Tujuan penambahan arang pada proses pengomposan adalah selain meningkatkan kualitas dari kompos tersebut, juga diharapkan dengan adanya arang pada pengomposan akan menambah jumlah dan aktivitas mikroorganisme yang berperan, sehingga proses dekomposisi dapat berlangsung lebih cepat. Arang bersifat sebagai soil conditioner di dalam tanah. Dari beberapa sumber mengemukakan bahwa dengan hanya penambahan arang pada media tumbuh tanaman, dapat meningkatkan perkembangan mikroorganisme positif di dalam tanah, sehingga pertumbuhan tanaman jadi terpacu. Diantaranya adalah: endo dan ektomikoriza pada tanaman kehutanan, rhizobium pada tanaman pertanian. Hal ini terjadi akibat kondisi optimal yang tercipta bagi perkembangan mikro-organisme di dalam tanah.
Berdasarkan sifat serta fungsi arang, maka sejak tahun 1999, Puslitbang Hasil Hutan mulai mengembangkan pemanfaatan arang pada teknologi komposting. Hal ini juga didasari oleh penelitian-penelitian yang menyimpulkan bahwa arang baik dicampurkan pada saat proses komposting, atau jika terdapat kendala, maka arang diberikan pada saat proses komposting selesai, maka pada awalnya dinamai Arang Kompos. Selanjutnya hasil dari beberapa pengamatan, menunjukkan bahwa setelah arang kompos diaplikasikan, mikroorganisme yang digunakan sebagai aktivator yang masih tersimpan pada arang kompos, berfungsi sebagi fungisida hayati (biofungisida) untuk mencegah penyakit busuk akar pada tanaman, sehingga selanjutnya diberinama Arang Kompos Bio Aktif (ARKOBA).

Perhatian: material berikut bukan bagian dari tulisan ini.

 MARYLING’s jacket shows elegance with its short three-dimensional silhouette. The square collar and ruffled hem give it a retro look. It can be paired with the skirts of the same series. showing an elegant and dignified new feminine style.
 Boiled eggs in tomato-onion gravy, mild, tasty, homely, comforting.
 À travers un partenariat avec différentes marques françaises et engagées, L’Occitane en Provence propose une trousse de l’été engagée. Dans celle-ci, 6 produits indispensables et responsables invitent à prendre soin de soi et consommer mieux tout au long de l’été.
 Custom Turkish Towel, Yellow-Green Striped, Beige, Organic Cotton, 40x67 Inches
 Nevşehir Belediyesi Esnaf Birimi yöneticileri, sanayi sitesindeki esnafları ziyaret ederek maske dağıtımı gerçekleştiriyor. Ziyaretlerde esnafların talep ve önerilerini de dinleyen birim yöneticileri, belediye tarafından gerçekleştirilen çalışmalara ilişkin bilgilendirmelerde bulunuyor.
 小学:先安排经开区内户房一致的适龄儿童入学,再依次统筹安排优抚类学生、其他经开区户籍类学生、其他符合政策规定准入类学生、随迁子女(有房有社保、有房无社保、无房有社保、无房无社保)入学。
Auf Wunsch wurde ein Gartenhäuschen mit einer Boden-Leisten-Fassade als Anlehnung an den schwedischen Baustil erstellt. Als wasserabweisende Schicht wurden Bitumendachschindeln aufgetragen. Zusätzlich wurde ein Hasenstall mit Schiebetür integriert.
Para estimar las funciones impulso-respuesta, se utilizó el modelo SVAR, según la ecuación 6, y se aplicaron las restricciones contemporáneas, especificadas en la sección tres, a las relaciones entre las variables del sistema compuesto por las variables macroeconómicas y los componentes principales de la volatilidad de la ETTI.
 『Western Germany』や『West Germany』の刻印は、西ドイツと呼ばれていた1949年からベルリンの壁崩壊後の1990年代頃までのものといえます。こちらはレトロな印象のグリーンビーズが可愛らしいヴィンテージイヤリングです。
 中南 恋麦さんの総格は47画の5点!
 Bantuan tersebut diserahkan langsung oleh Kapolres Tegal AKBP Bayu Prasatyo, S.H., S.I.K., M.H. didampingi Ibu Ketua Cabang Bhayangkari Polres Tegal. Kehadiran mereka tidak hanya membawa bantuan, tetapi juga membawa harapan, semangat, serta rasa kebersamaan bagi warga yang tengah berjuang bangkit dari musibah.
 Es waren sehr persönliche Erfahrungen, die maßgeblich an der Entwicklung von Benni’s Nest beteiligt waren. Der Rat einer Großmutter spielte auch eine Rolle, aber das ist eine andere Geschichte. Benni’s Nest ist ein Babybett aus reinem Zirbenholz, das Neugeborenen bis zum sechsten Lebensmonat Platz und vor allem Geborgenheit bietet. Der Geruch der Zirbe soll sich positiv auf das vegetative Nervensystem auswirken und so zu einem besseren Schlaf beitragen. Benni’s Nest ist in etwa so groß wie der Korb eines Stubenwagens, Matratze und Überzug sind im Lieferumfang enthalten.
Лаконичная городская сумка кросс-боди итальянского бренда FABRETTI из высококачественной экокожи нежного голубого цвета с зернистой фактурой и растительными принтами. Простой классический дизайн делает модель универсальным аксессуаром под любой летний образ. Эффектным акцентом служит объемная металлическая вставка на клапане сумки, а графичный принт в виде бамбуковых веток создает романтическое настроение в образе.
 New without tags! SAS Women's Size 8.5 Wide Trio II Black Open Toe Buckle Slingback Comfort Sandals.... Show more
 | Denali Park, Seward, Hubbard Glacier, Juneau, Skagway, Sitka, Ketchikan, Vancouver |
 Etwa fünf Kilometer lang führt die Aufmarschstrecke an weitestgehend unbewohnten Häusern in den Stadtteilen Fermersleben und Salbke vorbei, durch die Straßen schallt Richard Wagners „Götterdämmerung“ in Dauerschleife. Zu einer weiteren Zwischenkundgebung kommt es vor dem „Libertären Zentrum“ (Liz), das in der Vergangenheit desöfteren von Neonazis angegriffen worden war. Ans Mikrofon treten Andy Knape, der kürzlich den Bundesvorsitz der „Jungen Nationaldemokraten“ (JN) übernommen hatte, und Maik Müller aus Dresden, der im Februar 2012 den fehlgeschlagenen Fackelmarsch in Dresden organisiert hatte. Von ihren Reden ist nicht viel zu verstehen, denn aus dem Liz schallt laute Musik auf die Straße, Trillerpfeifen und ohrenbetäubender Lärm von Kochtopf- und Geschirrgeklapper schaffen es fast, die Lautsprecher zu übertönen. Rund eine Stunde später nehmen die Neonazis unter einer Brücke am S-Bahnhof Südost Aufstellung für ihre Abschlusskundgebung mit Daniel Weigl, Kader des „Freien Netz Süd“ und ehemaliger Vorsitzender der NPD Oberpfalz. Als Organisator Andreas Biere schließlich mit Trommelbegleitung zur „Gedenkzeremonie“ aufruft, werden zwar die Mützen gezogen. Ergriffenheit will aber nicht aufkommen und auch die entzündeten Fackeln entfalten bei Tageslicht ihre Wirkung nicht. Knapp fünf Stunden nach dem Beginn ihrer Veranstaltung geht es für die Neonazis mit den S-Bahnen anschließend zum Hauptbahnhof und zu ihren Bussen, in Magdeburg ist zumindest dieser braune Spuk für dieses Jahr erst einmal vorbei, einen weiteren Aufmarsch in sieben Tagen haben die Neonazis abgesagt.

Manfaat arang kompos bioaktif (ARKOBA)
o Arang kompos dapat ditingkatkan menjadi pupuk organik melalui pengkayaan unsur hara dengan bahan-bahan organik alam.
o Memacu perkembangan mikroorganisme tanah, meningkatkan nilai kadar tukar kation (KTK) tanah, pH tanah pada tingkat yang lebih sesuai bagi pertumbuhan tanaman, sehingga cocok untuk reklamasi lahan yang mempunyai tingkat kesuburan dan keasaman tanah yang rendah.
o Arang kompos mempunyai sifat yang lebih baik dari kompos karena keberadaan arang yang menyatu dalam kompos. Morfologi arang yang mempunyai pori sangat efektif untuk mengikat dan menyimpan hara. Hara tersebut dilepaskan secara perlahan sesuai dengan konsumsi dan kebutuhan tanaman (efek slow release). Karena hara tersebut tidak mudah tercuci, lahan akan selalu berada dalam kondisi siap pakai.
o Penggunaan arang kompos merupakan upaya untuk menjaga stabilitas bahan organik tanah agar kelestarian produktivitas tanaman terjaga. Baik diterapkan untuk mencapai keberhasilan pembangunan hutan tanaman serta mendukung kesinambungan dan kelestarian hutan, sekaligus program GERHAN.
Dari beberapa uji coba pemberian arang kompos pada tanah selain dapat menambah ketersediaan unsur hara tanah, memperbaiki sifat fisik, kimia dan biologis tanah, juga dapat meningkatkan pH tanah dan nilai KTK tanah, sehingga cocok digunakan untuk rehabilitasi/reklamasi lahan-lahan kritis, masam yang makin meluas di Indonesia. Dari beberapa aplikasi arang kompos yang telah diuji cobakan, baik di laboratorium, maupun di lapangan menunjukkan bahwa pertumbuhan tanaman yang diberi arang kompos meningkat hingga 2 kali lipat dibanding dengan yang tidak diberi arang kompos.
Aplikasi arang kompos bioaktif yang telah dilakukan selain di Kabupaten Garut adalah di Ciloto (KPH Cianjur), pada tanaman pak choi, brokoli, dan wortel. Hasil yang diperoleh dalam satuan luas 400 m persegi, produksi meningkat 1, 5 kwintal, jika dibandingkan dengan pupuk yang yang biasa digunakan oleh petani seperti bokasi, selain itu juga mengurangi penggunaan pupuk kimia sebesar 40 %.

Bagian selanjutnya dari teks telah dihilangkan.